Those skilled in the art will appreciate that a variety of different techniques may be used for the generation of point cloud data including LIDAR and photogrammetry. Various variations of these techniques may generate various point clouds, including not only the correct position data. This additional data may also be incorporated into the described method. For example, each point in the point cloud may include color or intensity information. Once the surface is identified, the surface coloration or lightness mapping may be performed using the color or lightness of the point that first identified the surface on the model.

  The described method may also be used in combination with other image techniques to improve the accuracy of the 3D model and / or cover the model with additional image data. For example, the scanner may be used in conjunction with a three-dimensional camera. Scanning and 3D photography may be performed simultaneously so that a realistic 3D environment like a photograph is generated.

  It will be appreciated that the present invention is not limited to specific embodiments of the invention, since many distinct embodiments of the present invention can be made without departing from the scope of the invention.

<M1>
Superimposing a three-dimensional lattice on the position of the space occupied by the object.

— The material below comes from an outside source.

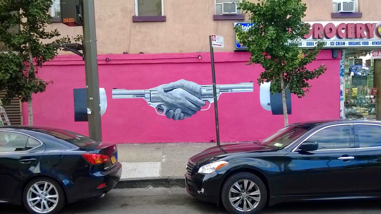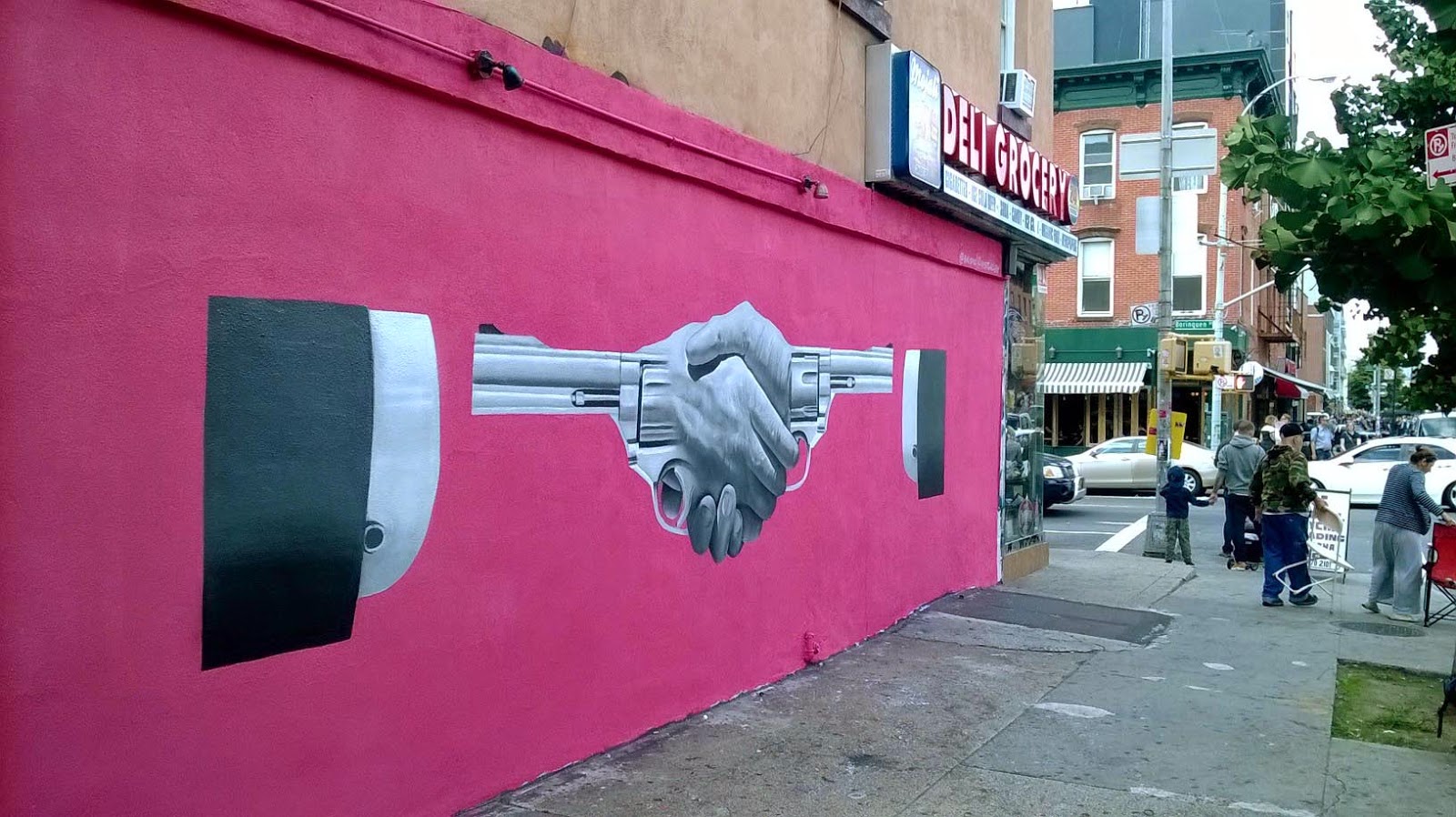 The Puerto-Rican street artist had enough free time to grace Williamsburg with a striking mural which is entitled “Handshake”. Featuring Bikismo’s photo-realistic technique, this symbolic piece shows two hands morphing into guns, a clever commentary on today’s society.

The grid partitions the space into a list of large but finite cubes. To avoid wasting computer storage space, the list excludes any empty cubes. In the current embodiment, the cubes are all the same size. The length of the side of each cube is called its resolution. If necessary (for example, a partially scanned surface has a very large curvature), some of these cubes can be subdivided into smaller cubes, which can be further subdivided You can also do it. In this way, different local resolutions can be used on different planes. Another segmentation of the three-dimensional space can also use, for example, a tetrahedron. In the following, although the term cube is used, it is recommended that the method apply equally to tetrahedron or other space-filled mosaic processing.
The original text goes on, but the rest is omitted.